*** Materials provided

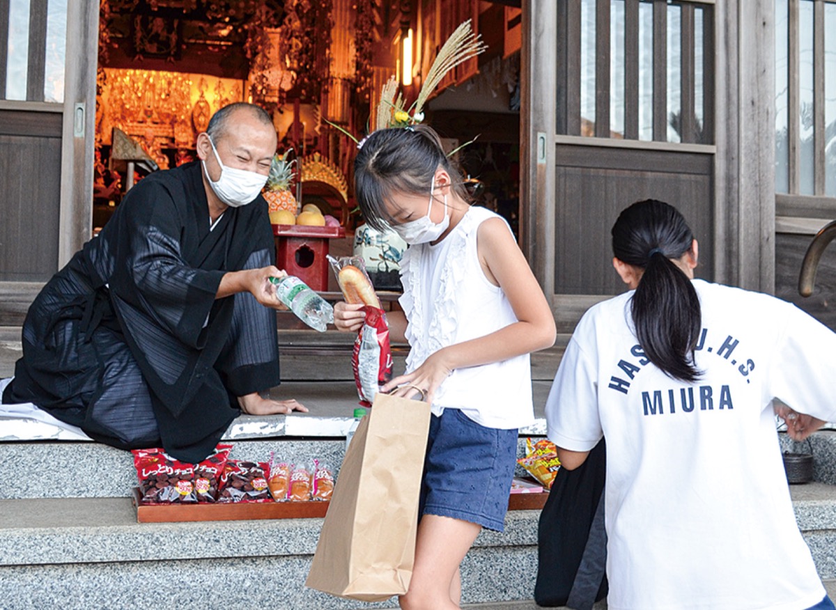 当日は同寺本堂前にお菓子やジュースなどが用意され、子どもは好きな物を持ち帰ることができる。なくなり次第終了。
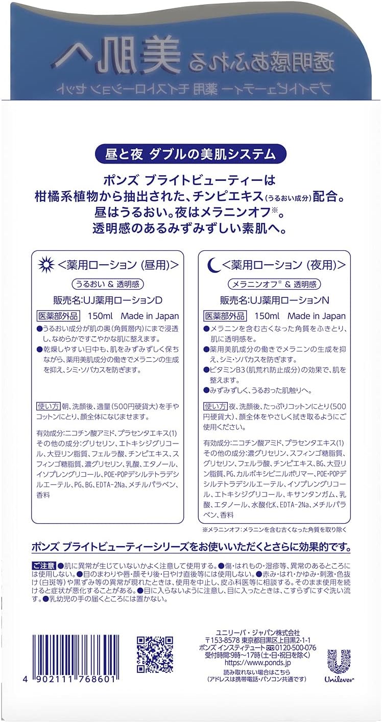 A linha PONS BRIGHT BEAUTY oferece uma experiência hidratante contínua para a pele, mantendo-a suculenta durante o dia e a noite. Este conjunto de leite medicamentoso para uso diurno e noturno proporciona uma sensação revigorante, penetrando profundamente nos poros para prevenir manchas de queimaduras solares e sardas.
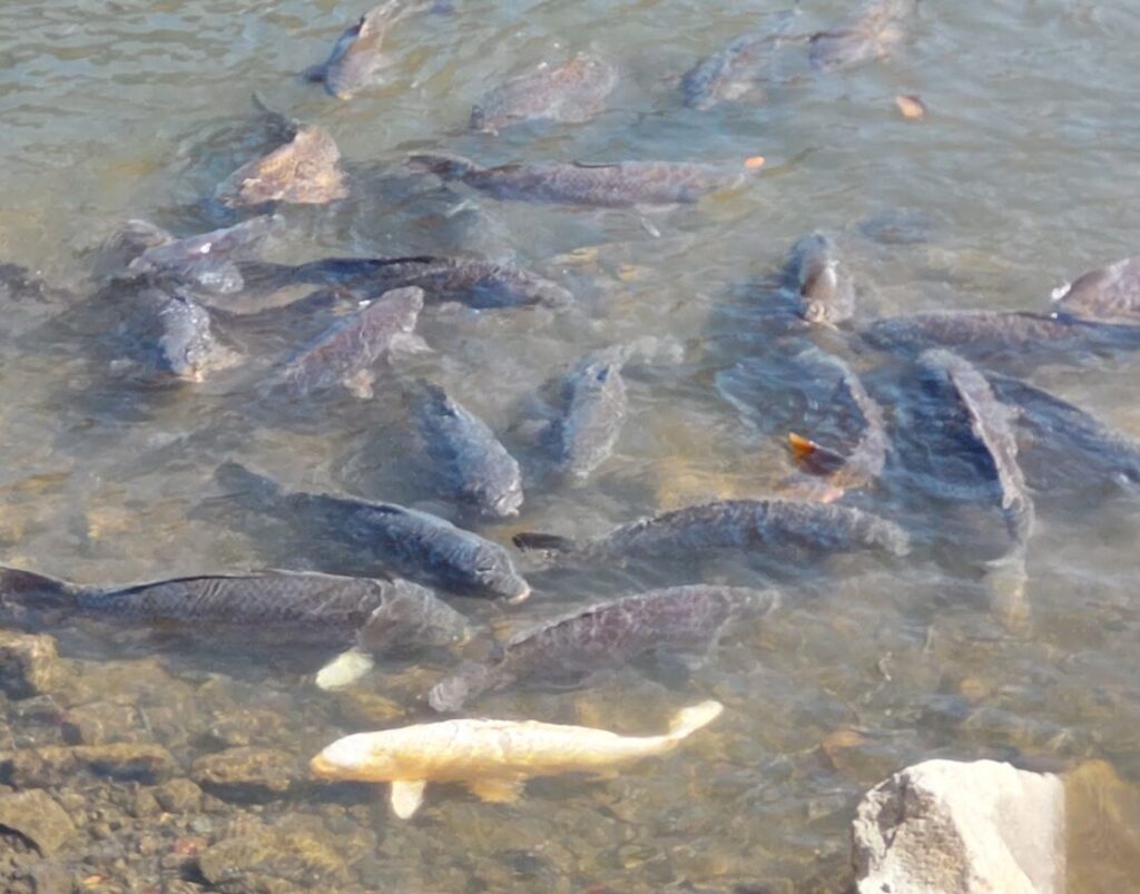 沼には鯉がたくさん泳ぎ、観光客が 餌をあげていました。
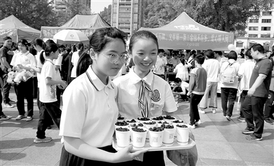 日前,浙江省杭州市淳安縣千島湖初級(jí)中學(xué)組織七、八兩個(gè)年級(jí)1500多名學(xué)生舉行愛(ài)心義賣暨紅十字博愛(ài)周活動(dòng)。義賣活動(dòng)籌集2.9萬(wàn)余元善款,全部捐給了該縣紅十字會(huì)設(shè)立的淳安縣千島湖初級(jí)中學(xué)“博愛(ài)·至善”資金專項(xiàng)賬戶。這筆善款將專門用于該校尿毒癥、血友病、腦癌等患病學(xué)生的救助。此項(xiàng)義賣已經(jīng)連續(xù)舉辦了11年,籌集近30萬(wàn)元善款,共有16萬(wàn)名學(xué)生參與。圖為兩名女生在吆喝叫賣桑果。
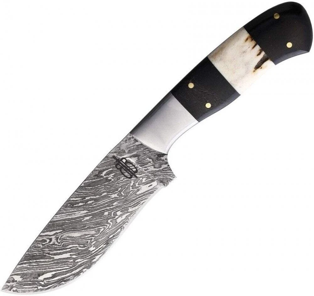 The Cowboy Hunter Knife from BnB features a drop point 256-layer Damascus (1095 & 15N20) stainless steel blade with a slight recurve and decorative jimping along the base of the blade’s spine. Taper grind. The polished full tang is covered with polished stainless steel, G10 and stag horn scales with brass pins. Includes genuine leather sheath.
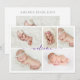 Dê as boas-vindas ao seu precioso milagre com estilo com este cartão de boas-vindas simples e minimalista com colagem de fotos para bebê. Este design apresenta uma fonte de caligrafia elegante que diz "boas-vindas" em roxo, com um fundo branco limpo para destacar os primeiros retratos do seu recém-nascido para compartilhar com amigos e entes queridos.
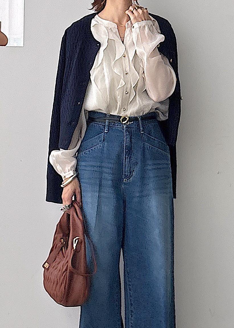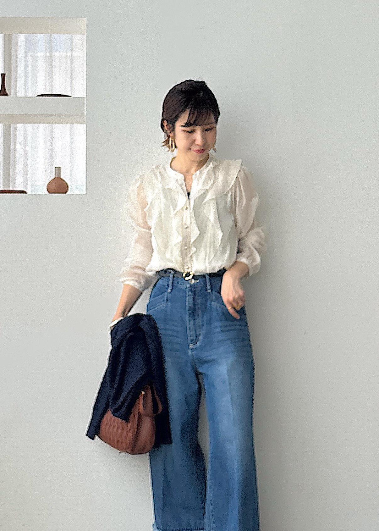 ラッフル調が今年らしく、縦に入っている事でボリュームが抑えられ、スタイルがとてもキレイに見えます◎身頃には裏地がついているので透け感を抑えられるのも嬉しいポイント◎軽くてさらっとした着心地で、春から夏まで着回せます。全体的に程よくゆったり、着丈は腰が隠れる位の長さでインスタイルと出来ます。 -
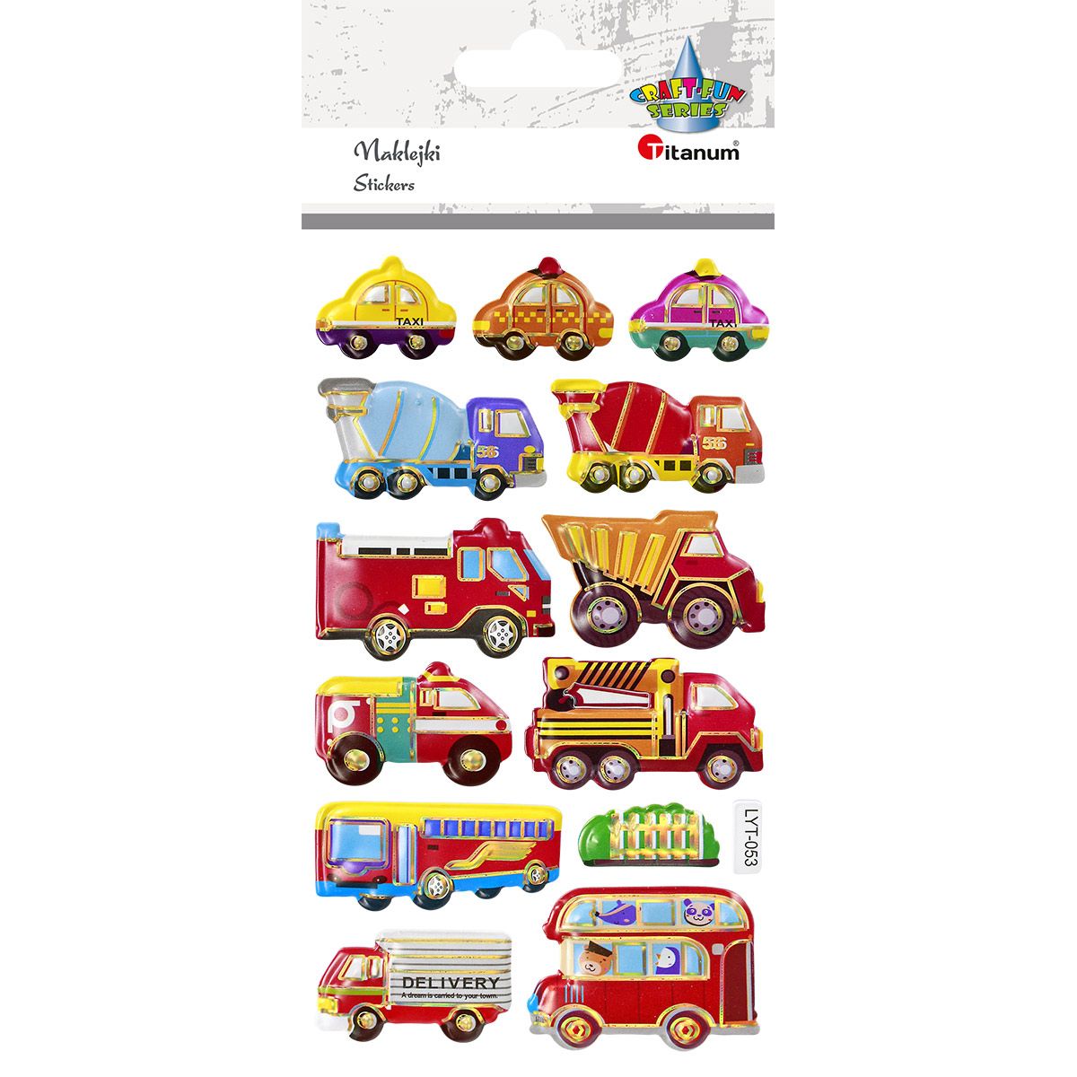 Naklejki wypukłe miękkie. Wzór: pojazdy miejskie. 14 sztuk.
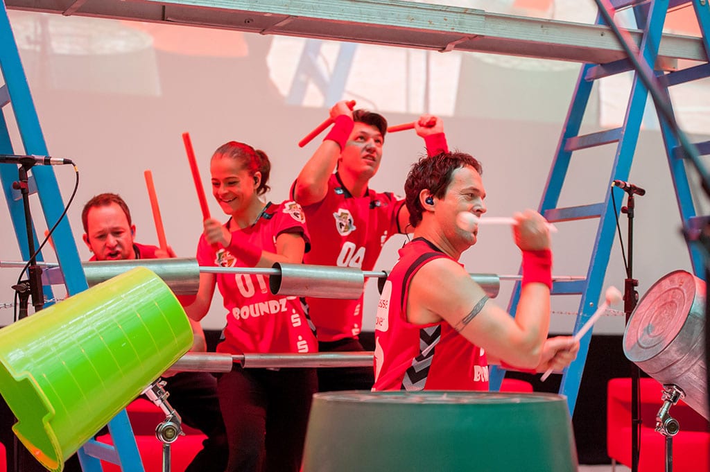 Bei den mitreißenden Auftritten des schlagwerkenden Künstlerkollektivs Boundz hält es Event-Gäste selten auf den Stühlen, denn Boundz hat sich dem „Rhythmus, wo man mit muss“ mit Leib und Seele verschrieben.
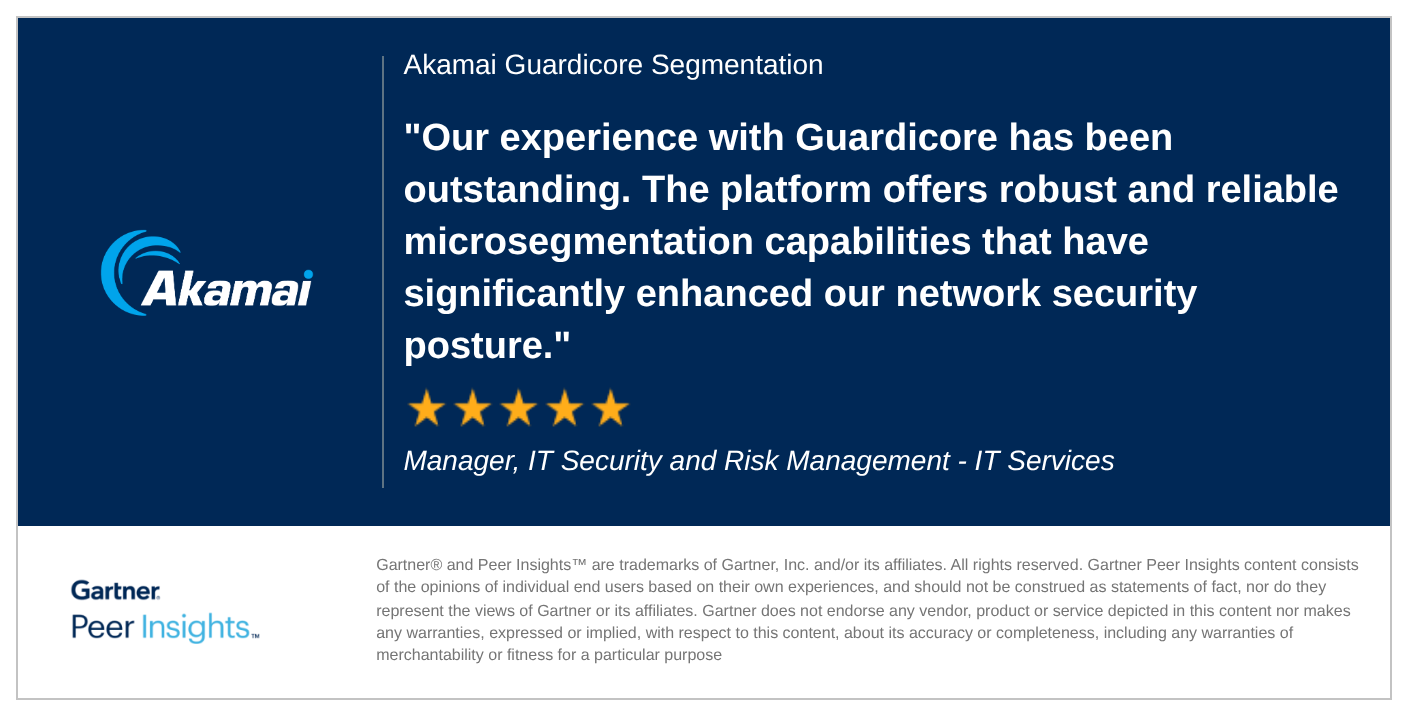 Manager, IT Security and Risk Management in the IT Services Industry gives Akamai Guardicore Segmentation 5/5 Rating in Gartner Peer Insights™ Microsegmentation Market. Read the full review here: #gartnerpeerinsights
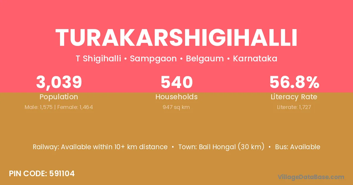 Bail Hongal (30 km) is the nearest town to Turakarshigihalli village for major economic activities and is located approximately 30 km away.
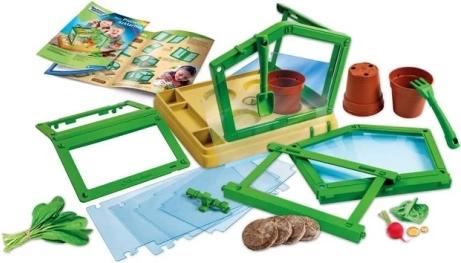 Ten edukacyjny zestaw w prosty i atrakcyjny sposób przybliża dzieciom podstawy botaniki. Przezroczysty szklarnik z regulowanym dachem pomaga kontrolować wilgotność i temperaturę, dzięki czemu świetnie nadaje się do pierwszych eksperymentów uprawowych w domu.
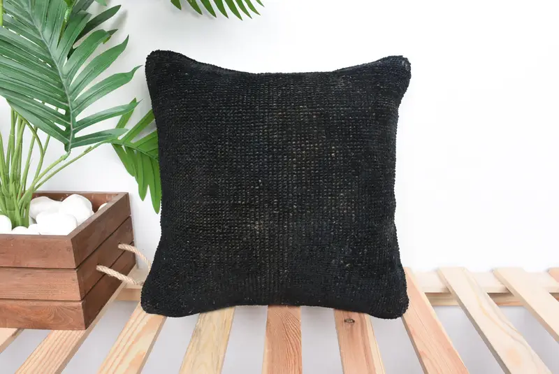 Almohada de lanzamiento bordada del suroeste hecha a mano, cojín de lino negro vintage

******

What is being asked: Every record gets retyped exactly; no picture goes into the copy.

Exercise solution:
 当日は同寺本堂前にお菓子やジュースなどが用意され、子どもは好きな物を持ち帰ることができる。なくなり次第終了。
 A linha PONS BRIGHT BEAUTY oferece uma experiência hidratante contínua para a pele, mantendo-a suculenta durante o dia e a noite. Este conjunto de leite medicamentoso para uso diurno e noturno proporciona uma sensação revigorante, penetrando profundamente nos poros para prevenir manchas de queimaduras solares e sardas.
 沼には鯉がたくさん泳ぎ、観光客が 餌をあげていました。
 日前,浙江省杭州市淳安縣千島湖初級(jí)中學(xué)組織七、八兩個(gè)年級(jí)1500多名學(xué)生舉行愛(ài)心義賣暨紅十字博愛(ài)周活動(dòng)。義賣活動(dòng)籌集2.9萬(wàn)余元善款,全部捐給了該縣紅十字會(huì)設(shè)立的淳安縣千島湖初級(jí)中學(xué)“博愛(ài)·至善”資金專項(xiàng)賬戶。這筆善款將專門用于該校尿毒癥、血友病、腦癌等患病學(xué)生的救助。此項(xiàng)義賣已經(jīng)連續(xù)舉辦了11年,籌集近30萬(wàn)元善款,共有16萬(wàn)名學(xué)生參與。圖為兩名女生在吆喝叫賣桑果。
 The Cowboy Hunter Knife from BnB features a drop point 256-layer Damascus (1095 & 15N20) stainless steel blade with a slight recurve and decorative jimping along the base of the blade’s spine. Taper grind. The polished full tang is covered with polished stainless steel, G10 and stag horn scales with brass pins. Includes genuine leather sheath.
 Dê as boas-vindas ao seu precioso milagre com estilo com este cartão de boas-vindas simples e minimalista com colagem de fotos para bebê. Este design apresenta uma fonte de caligrafia elegante que diz "boas-vindas" em roxo, com um fundo branco limpo para destacar os primeiros retratos do seu recém-nascido para compartilhar com amigos e entes queridos.
 ラッフル調が今年らしく、縦に入っている事でボリュームが抑えられ、スタイルがとてもキレイに見えます◎身頃には裏地がついているので透け感を抑えられるのも嬉しいポイント◎軽くてさらっとした着心地で、春から夏まで着回せます。全体的に程よくゆったり、着丈は腰が隠れる位の長さでインスタイルと出来ます。 -
 Naklejki wypukłe miękkie. Wzór: pojazdy miejskie. 14 sztuk.
 Bei den mitreißenden Auftritten des schlagwerkenden Künstlerkollektivs Boundz hält es Event-Gäste selten auf den Stühlen, denn Boundz hat sich dem „Rhythmus, wo man mit muss“ mit Leib und Seele verschrieben.
 Manager, IT Security and Risk Management in the IT Services Industry gives Akamai Guardicore Segmentation 5/5 Rating in Gartner Peer Insights™ Microsegmentation Market. Read the full review here: #gartnerpeerinsights
 Bail Hongal (30 km) is the nearest town to Turakarshigihalli village for major economic activities and is located approximately 30 km away.
 Ten edukacyjny zestaw w prosty i atrakcyjny sposób przybliża dzieciom podstawy botaniki. Przezroczysty szklarnik z regulowanym dachem pomaga kontrolować wilgotność i temperaturę, dzięki czemu świetnie nadaje się do pierwszych eksperymentów uprawowych w domu.
 Almohada de lanzamiento bordada del suroeste hecha a mano, cojín de lino negro vintage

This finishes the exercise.